The two leaders were not clear how they would proceed on major issues
The three-day visit is the most significant attempt to improve relations between the two countries.
Although few signs of progress emerged on major issues, especially Cyprus, the leaders said ties were strengthened.
Mr Karamanlis added that Greece wanted to see Turkey as a member of the EU once it had met its EU obligations.
Specific results were not expected from the visit, but correspondents describe it as a public commitment to keep talking.
'Look to the future'
Mr Karamanlis's meeting with Turkish Prime Minister Recep Tayyip Erdogan lasted over an hour longer than planned, and their news conference was also unusually lengthy.
Both men stressed the recent improvement in relations after years of mutual suspicion and hostility.
"I am here to show Greece's desire, which is to go beyond the difficulties of the past and to look towards the future with hope," Mr Karamanlis said.
Mr Erdogan said he thought the new year would present "new opportunities" for the two countries.

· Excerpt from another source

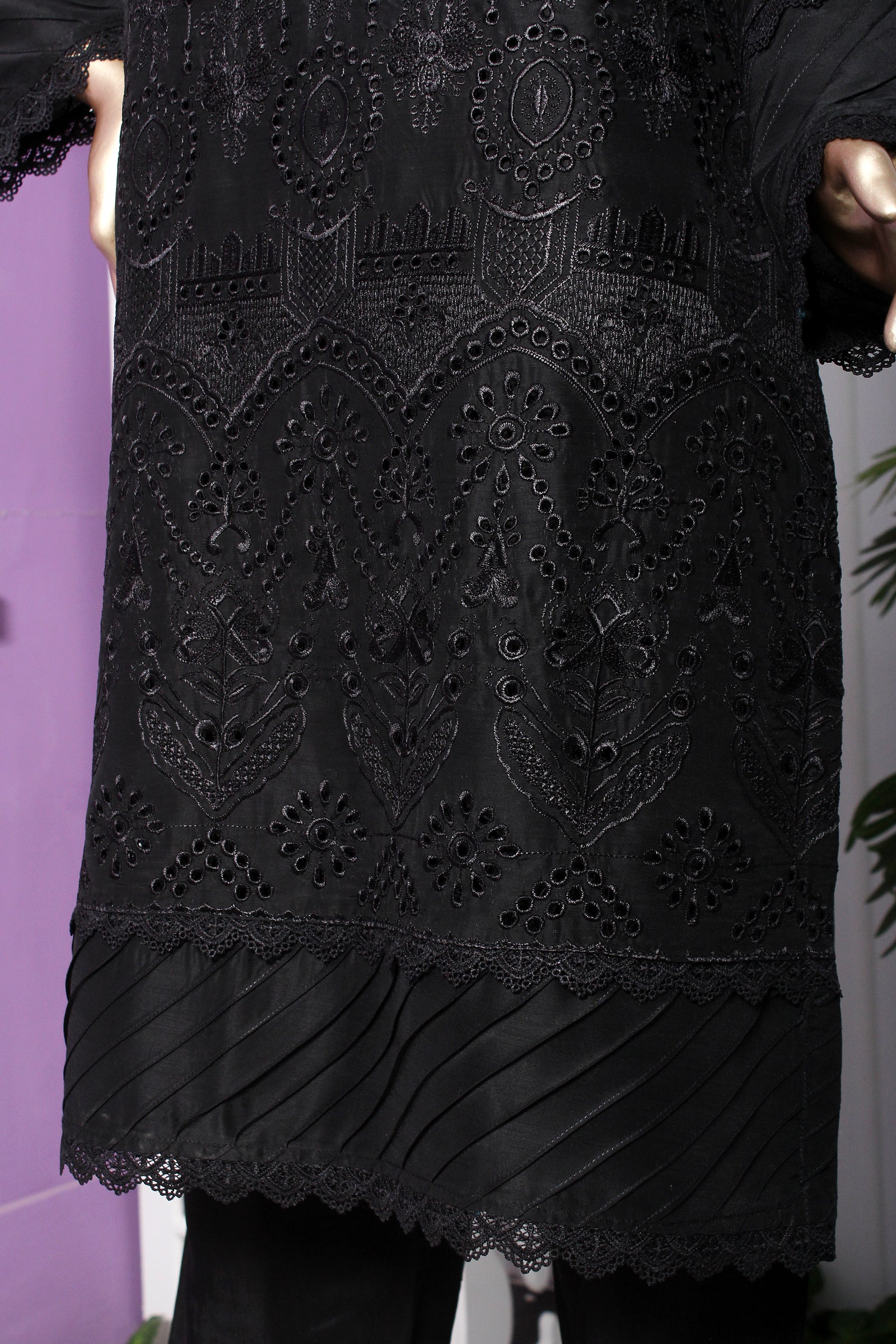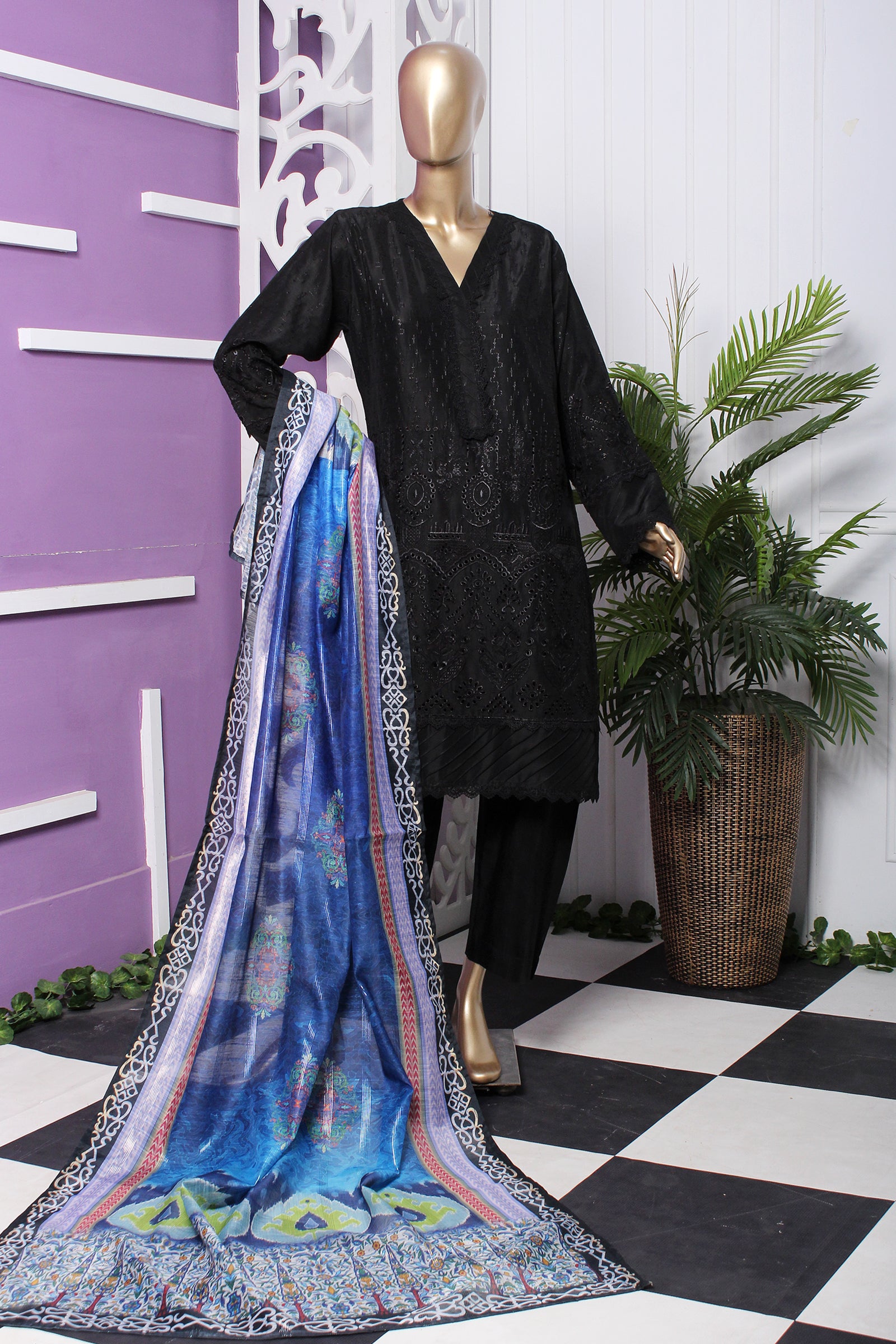 Viscose shirt with full of boring embroidery with laces work on neck , daman & sleeves. Monaar zari digital print dupatta paired with same viscose trouser

They spoke of new ties on the economic, cultural and military fronts, but there was little sign of progress on the main political problems that divide them.
Mr Erdogan called for Greek support to restart talks on the unification of Cyprus.
He said ending territorial disputes in the Aegean Sea - which brought the two countries to the brink of war just over a decade ago - must be a priority.
Mr Karamanlis called on Turkey to abide by international law in the Aegean and said that although Greece supported Turkey's ambitions to join the EU, it had many obligations to meet to make that possible.
"Provided Turkey continues on the reform path and meets criteria... Europe must accept it as a full member of the European family," he said.
After years of mutual suspicion, at times turning into outright hostility, relations between Greece and Turkey have improved immensely in the past decade, says the BBC's Sarah Rainsford in Istanbul.
The two nations have opened a joint gas pipeline and trade relations have boomed.